Навицкий послушно замолкает и трет виски. Голова раскалывается от мучительной, дробной боли – кто-то колючий поселился у него в черепе и ворочается там, не находя места. «Занедужил», – приходит какое-то чужое, несвойственное ему слово. Навицкий трясет головой. «Занедужил, касатик».
Краем уха он улавливает обрывки солдатских разговоров. «Клинья», «переезды», «осьминники» – слышится ему.
– О чем они? – спрашивает Навицкий.
Лопухин прислушивается.
– О земле, – отвечает наконец, грустно улыбнувшись. – О земле, о весеннем севе. Как вернутся домой, как возьмут плуг и…
Он вздыхает и машет рукой.
– Они считают, что вернутся? – в ужасе переспрашивает Навицкий.
Лопухин смотрит ему в глаза.
– А что еще остается нам делать?
«Касатик», – скребется о стенки черепа. «Занедужил», – шуршит костью о кость.
– Я читал о Наполеоне, – шепчет Навицкий, прислонившись горячим лбом к холодной глине окопа. – О том, как он уходил из России.

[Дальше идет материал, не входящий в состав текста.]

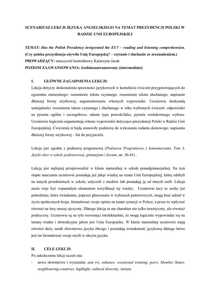 SCENARIUSZ LEKCJI JĘZYKA ANGIELSKIEGO NA TEMAT PREZYDENCJI POLSKI W RADZIE UNII EUROPEJSKIEJ TEMAT: Has the Polish Presidency invigorated the EU? – reading and listening comprehension. (Czy polska prezydencja ożywiła Unię Europejską? – czytanie i słuchanie ze zrozumieniem.) PROWADZĄCY: nauczyciel kontraktowy Katarzyna Jacak POZIOM ZAAWANSOWANIA: średniozaawansowany (intermediate) I. GŁÓWNE ZAGADNIENIA LEKCJI: Lekcja dotyczy doskonalenia sprawności językowych w kontekście ćwiczeń przygotowujących do egzaminu maturalnego: rozumienie tekstu czytanego, rozumienie tekstu słuchanego, napisanie dłuższej formy użytkowej, argumentowanie własnych wypowiedzi. Uczniowie doskonalą umiejętności rozumienia tekstu czytanego i słuchanego w toku wybranych ćwiczeń: odpowiedzi na pytania ogólne i szczegółowe, zdania typu prawda/fałsz, pytania wielokrotnego wyboru. Uczniowie logicznie argumentują własne wypowiedzi dotyczące prezydencji Polski w Radzie Unii Europejskiej. Ćwiczenia te będą stanowiły podstawę do wykonania zadania domowego: napisania dłuższej formy użytkowej – list do przyjaciela. Lekcja jest zgodna z podstawą programową (Podstawa Programowa z komentarzami, Tom 3, Języki obce w szkole podstawowej, gimnazjum i liceum, str. 36-41) . Lekcję jest najlepiej przeprowadzić w klasie maturalnej w szkole ponadgimnazjalnej. Na tym etapie nauczania uczniowie posiadają już jakąś wiedzę na temat Unii Europejskiej, którą zdobyli na innych przedmiotach w szkole, usłyszeli z mediów lub posiadają ją od innych osób. Lekcja może więc być wspaniałym elementem weryfikacji tej wiedzy. Uczniowie tacy to osoby już pełnoletnie, które świadomie, poprzez głosowanie w wyborach państwowych, mogą brać udział w życiu społecznych kraju, formułować swoje opinie na temat sytuacji w Polsce, a przez to wpływać również na losy naszej ojczyzny. Dlatego lekcja ta ma charakter nie tylko teoretyczny, ale również praktyczny. Uczniowie są na tyle rozwinięci intelektualnie, że mogą logicznie wypowiadać się na tematy trudne i abstrakcyjne jakim jest Unia Europejska. W klasie maturalnej uczniowie mają również duży zasób słownictwa języka obcego i posiadają świadomość językową dlatego łatwo jest im formułować swoje myśli w obcym języku. II. CELE LEKCJI: Po zakończeniu lekcji uczeń zna: - nowe słownictwo i wyrażenia: aim (v), enhance, vocational training, peers, Member States, neighbouring countries, highlight, cultural diversity, initiate - techniki pracy z tekstem czytanym i słuchanym: odpowiedzi na pytania ogólne i szczegółowe, zdania typu prawda/fałsz, pytania wielokrotnego wyboru - strukturę napisania dłuższej formy użytkowej – list do przyjaciela Po zakończeniu lekcji uczeń potrafi: - poprawnie stosować nowe słownictwo i wyrażenia - pracować z tekstem czytanym i słuchanym w toku ćwiczeń przygotowujących do matury pisemnej: odpowiedzi na pytania ogólne i szczegółowe, zdania typu prawda/fałsz, pytania wielokrotnego wyboru - napisać dłuższą formę użytkową – list do przyjaciela - wypowiadać się na temat prezydencji polski w Radzie Unii Europejskiej - korzystać z Internetu III. METODY PRACY: Lekcje te dobrze jest przeprowadzić według podejścia komunikacyjnego, a więc połączenia różnych metod: metody konwersacyjnej – włączanie ucznia do uczestnictwa w rozmowach toczących się w języku obcym, metody kognitywnej – przyswajanie języka przez ucznia ma charakter innowacyjny, twórczy, prawo do błędów, metody naturalnej – nauczanie zbliżonej do naturalnej formy komunikacji, wyeliminowanie stresu. IV. - ŚRODKI DYDAKTYCZNE: kserokopia fragmentu Programu polskiej prezydencji w Radzie Unii Europejskiej wraz z autorskimi ćwiczeniami zaczerpnięta ze strony http://pl2011.eu/sites/default/files/users/shared/o_prezydencja/programme_of_the_polish_pres idency_of_the_council_of_the_eu.pdf - film wideo zaczerpnięty ze strony http://tvnewsroom.consilium.europa.eu/event/polish-eu-presidency/inauguration-of-the-polishpresidency-celebrations-part-7/ - CD z fragmentem Ody do radości - karta pracy przygotowana przez nauczyciela – dłuższa forma użytkowa (list do przyjaciela - strona internetowa nauczyciela (www.kjacak.u2.pl) - strony internetowe słowników www.ldoceonline.pl) - tablica interaktywna/rzutnik językowych (www.ling.pl, www.megaslownik.pl, V. PRZEBIEG LEKCJI: a) WPROWADZENIE: - nauczyciel puszcza uczniom płytę CD z fragmentem Ody do radości i prosi uczniów o rozpoznanie melodii (nauczyciel - uczniowie). Uczniowie odgadują tytuł słyszanej melodii. Nauczyciel podaje uczniom angielski odpowiednik Ody do radości (Ode to Joy). Następnie nauczyciel zadaje uczniom pytania (nauczyciel - uczniowie): 1. Who composed Ode to Joy? 2. How old is it? 3. What organization does it symbolise? - uczeń zapisuje temat lekcji na tablicy. Nauczyciel omawia problematykę lekcji oraz jej cel. - uczniowie wykonują test interaktywny na temat podstawowych informacji o polskiej prezydencji w Radzie Unii Europejskiej (praca indywidualna) (www.kjacak.u2.pl, zakładka test ze słownictwa → test 1). Następnie uczniowie porównują swoje odpowiedzi (praca w parach). - uczniowie sprawdzają ćwiczenie z kluczem, analiza ćwiczenia. Nauczyciel nagradza uczniów, którzy wykonali ćwiczenie poprawnie. Uczniowie otrzymują oceny za aktywność. b) ROZWINIĘCIE: ROZUMIENIE TEKSTU CZYTANEGO - nauczyciel rozdaje uczniom fragmenty Programu polskiej prezydencji w Radzie Unii Europejskiej wraz z ćwiczeniami (KARTA PRACY 1). Następnie podaje uczniom podstawowe informacje na temat tego programu.. - uczniowie przez minutę analizują otrzymany tekst. Nauczyciel zadaje ogólne pytania dotyczące tekstu (nauczyciel - uczniowie): 1. How is the text divided? 2. What section is it about? 3. What documents are mentioned in the article? 4. Are there any non-EU countries mentioned in the article? 5. What is the

Лопухин вопросительно приподнимает брови.
– Там еще смеялись, – продолжает Навицкий, – мол, великая победоносная армия была похожа на табор цыган. Французы, чтобы спастись от мороза, напяливали на себя все, что было под рукой, – женские кацавейки, мешки из-под угля…
– Я знаю, поручик, – мягко говорит Лопухин. – Я тоже изучал историю. Мой прадед служил у Раевского. Но к чему вы это все?

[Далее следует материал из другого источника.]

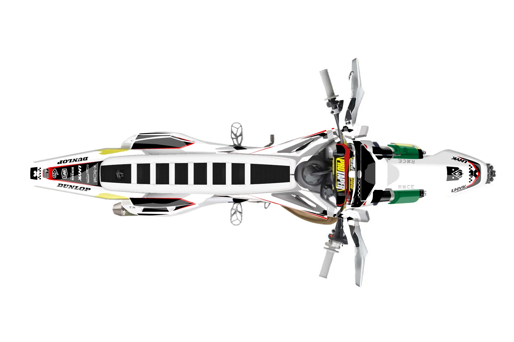 «Spirit» — готовый комплект графики серии Staple для Husqvarna Enduro Graphic Kit Husqvarna TX 300 2019. В комплекте: графика на бак и боковые облицовки, крылья (переднее и заднее), передний щиток, номерные таблички, защита вилки. Материал: ПВХ-винил 80 мкр с холодной ламинацией 300 мкр, общая толщина 380 мкр; покрытие глянцевое или матовое на выбор. Устойчив к UV-излучению, воде, бензину и мойке высокого давления. Клей акриловый на сольвентной основе — постоянный, для гибких пластиков. На простых поверхностях монтируется без нагрева; для сложных изгибов рекомендуем фен. Этот пресет можно заказать как есть или взять за основу в конструкторе: поменять цвета, добавить стартовый номер и свой бренд. Производство — 3–5 рабочих дней, доставка по России СДЭКом или Почтой, по СНГ — курьерскими службами.

– Посмотрите на наших солдат…Тряпки, рванье, никакой формы…
Лопухин пожимает плечами.
– И что? Это война, поручик. Никто на ней не красив. Посмотрите на себя. Ваша одежда разбухла, от вас несет мокрой псиной. Впрочем, подозреваю, что и от меня тоже.
– Вы уверены, что сегодня ноябрь? – слабо спрашивает Навицкий. – Газет не было так давно, да и писем тоже… Куда задевалась почта?
Старуха приходит к ним ночью.
Гладит сухими пальцами лица спящих, скалит зубы тем, кто вздрагивает и оборачивается, почуяв что-то чужое, чуждое, чужеродное. Ее никто не видит – кроме Навицкого.